-- Given data follows --

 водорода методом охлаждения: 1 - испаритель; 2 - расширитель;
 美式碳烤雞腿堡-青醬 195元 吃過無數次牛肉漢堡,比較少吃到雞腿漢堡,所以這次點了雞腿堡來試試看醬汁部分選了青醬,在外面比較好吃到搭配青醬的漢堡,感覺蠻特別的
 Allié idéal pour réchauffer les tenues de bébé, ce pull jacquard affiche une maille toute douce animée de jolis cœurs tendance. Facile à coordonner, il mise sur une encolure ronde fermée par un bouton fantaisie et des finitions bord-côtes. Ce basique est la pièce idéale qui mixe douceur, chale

-- Given data concluded --
-- Given data follows --

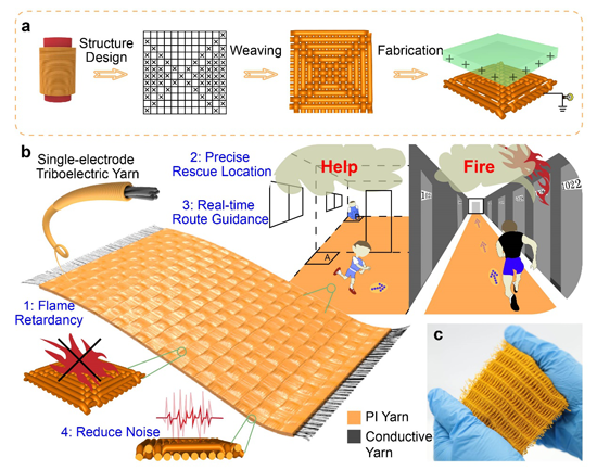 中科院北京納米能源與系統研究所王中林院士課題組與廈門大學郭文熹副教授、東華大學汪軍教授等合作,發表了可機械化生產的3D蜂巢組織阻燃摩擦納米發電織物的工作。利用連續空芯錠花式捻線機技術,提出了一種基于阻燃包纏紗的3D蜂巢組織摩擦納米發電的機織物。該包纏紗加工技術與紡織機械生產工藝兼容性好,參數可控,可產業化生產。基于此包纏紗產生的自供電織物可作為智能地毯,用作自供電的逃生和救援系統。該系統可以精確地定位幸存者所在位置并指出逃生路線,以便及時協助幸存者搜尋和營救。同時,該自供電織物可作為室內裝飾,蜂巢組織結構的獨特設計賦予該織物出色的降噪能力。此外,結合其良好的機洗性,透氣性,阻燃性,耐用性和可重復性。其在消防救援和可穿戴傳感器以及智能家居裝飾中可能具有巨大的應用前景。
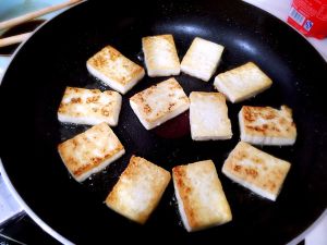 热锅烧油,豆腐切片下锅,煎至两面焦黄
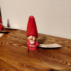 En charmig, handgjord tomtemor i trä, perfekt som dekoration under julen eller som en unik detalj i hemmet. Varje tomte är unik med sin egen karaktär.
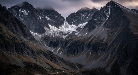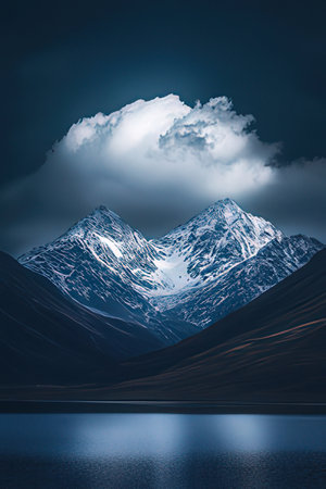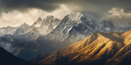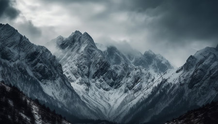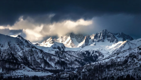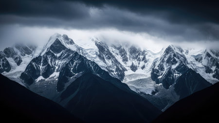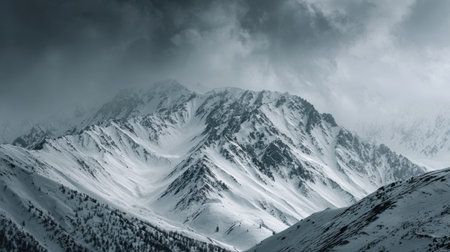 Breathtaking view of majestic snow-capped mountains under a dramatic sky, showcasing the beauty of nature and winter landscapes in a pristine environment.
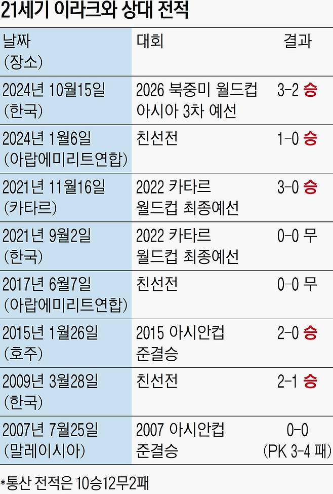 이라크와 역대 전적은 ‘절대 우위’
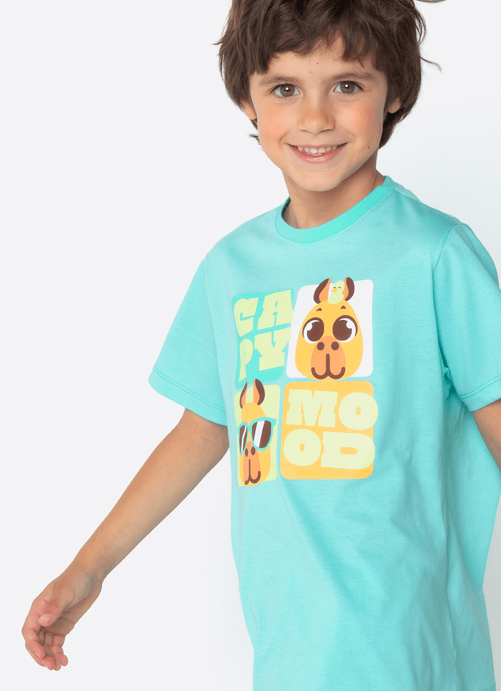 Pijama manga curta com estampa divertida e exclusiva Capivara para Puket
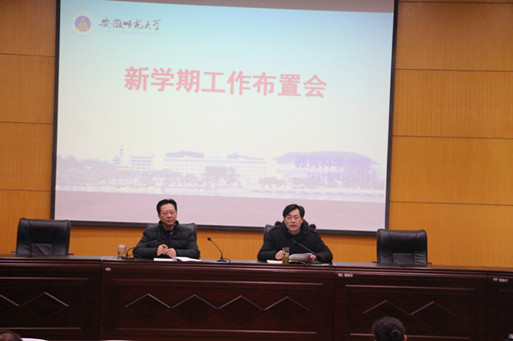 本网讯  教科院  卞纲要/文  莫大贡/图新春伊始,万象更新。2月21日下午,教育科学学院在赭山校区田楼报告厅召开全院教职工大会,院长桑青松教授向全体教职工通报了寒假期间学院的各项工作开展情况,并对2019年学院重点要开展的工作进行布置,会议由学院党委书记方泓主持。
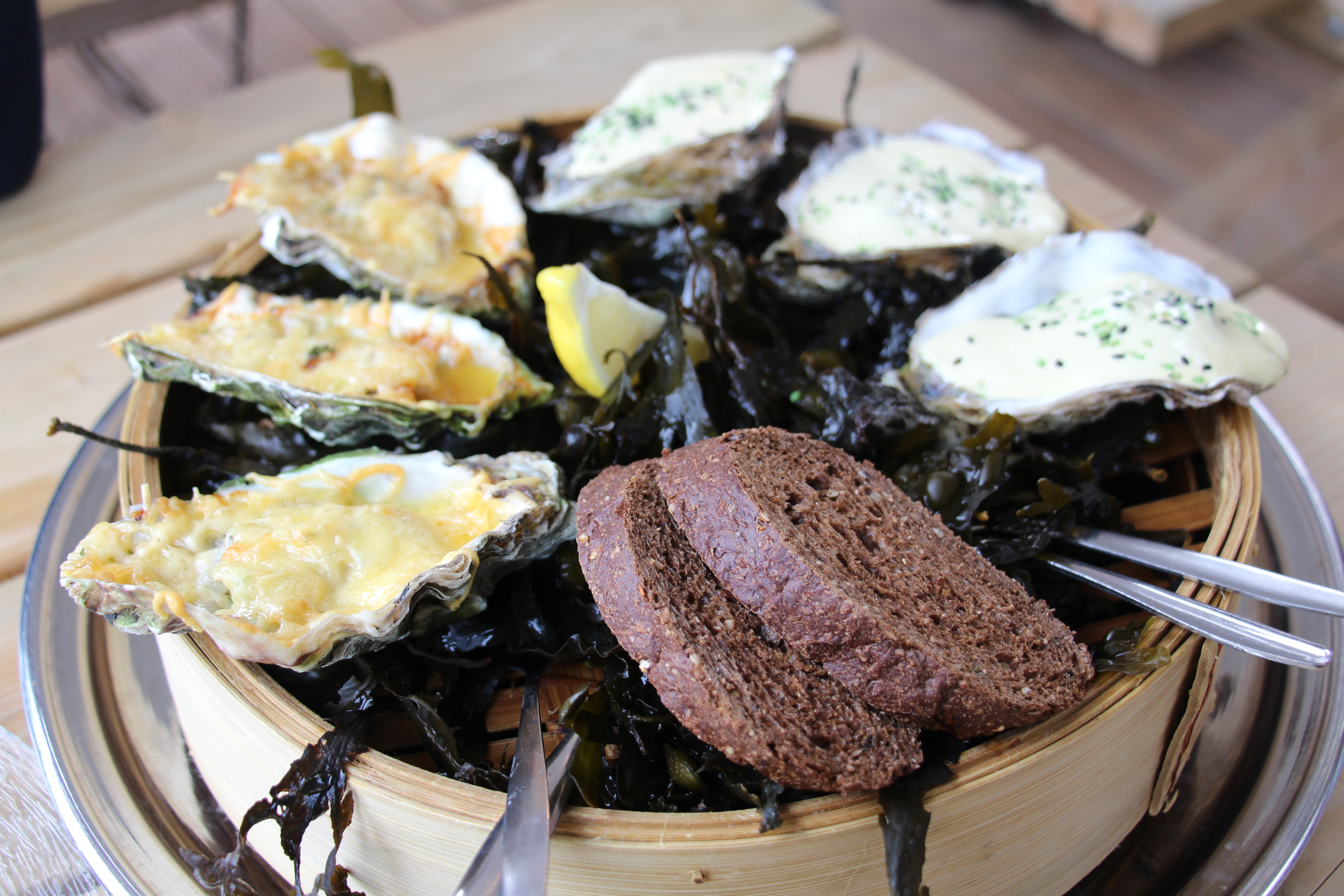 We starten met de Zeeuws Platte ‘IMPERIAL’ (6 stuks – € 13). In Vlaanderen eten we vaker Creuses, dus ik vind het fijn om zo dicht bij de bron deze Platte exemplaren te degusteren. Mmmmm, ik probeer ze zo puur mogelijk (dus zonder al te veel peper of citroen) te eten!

-- Given data concluded --

» **Exercise directions**: Look above for the line with "热锅烧油,豆腐切片下锅,煎至两面焦黄" and the line with "We starten met". Give again exactly those two lines and all lines between them, pictures excluded.

» **Exercise output**:
 热锅烧油,豆腐切片下锅,煎至两面焦黄
 En charmig, handgjord tomtemor i trä, perfekt som dekoration under julen eller som en unik detalj i hemmet. Varje tomte är unik med sin egen karaktär.
 Breathtaking view of majestic snow-capped mountains under a dramatic sky, showcasing the beauty of nature and winter landscapes in a pristine environment.
 이라크와 역대 전적은 ‘절대 우위’
 Pijama manga curta com estampa divertida e exclusiva Capivara para Puket
 本网讯  教科院  卞纲要/文  莫大贡/图新春伊始,万象更新。2月21日下午,教育科学学院在赭山校区田楼报告厅召开全院教职工大会,院长桑青松教授向全体教职工通报了寒假期间学院的各项工作开展情况,并对2019年学院重点要开展的工作进行布置,会议由学院党委书记方泓主持。
 We starten met de Zeeuws Platte ‘IMPERIAL’ (6 stuks – € 13). In Vlaanderen eten we vaker Creuses, dus ik vind het fijn om zo dicht bij de bron deze Platte exemplaren te degusteren. Mmmmm, ik probeer ze zo puur mogelijk (dus zonder al te veel peper of citroen) te eten!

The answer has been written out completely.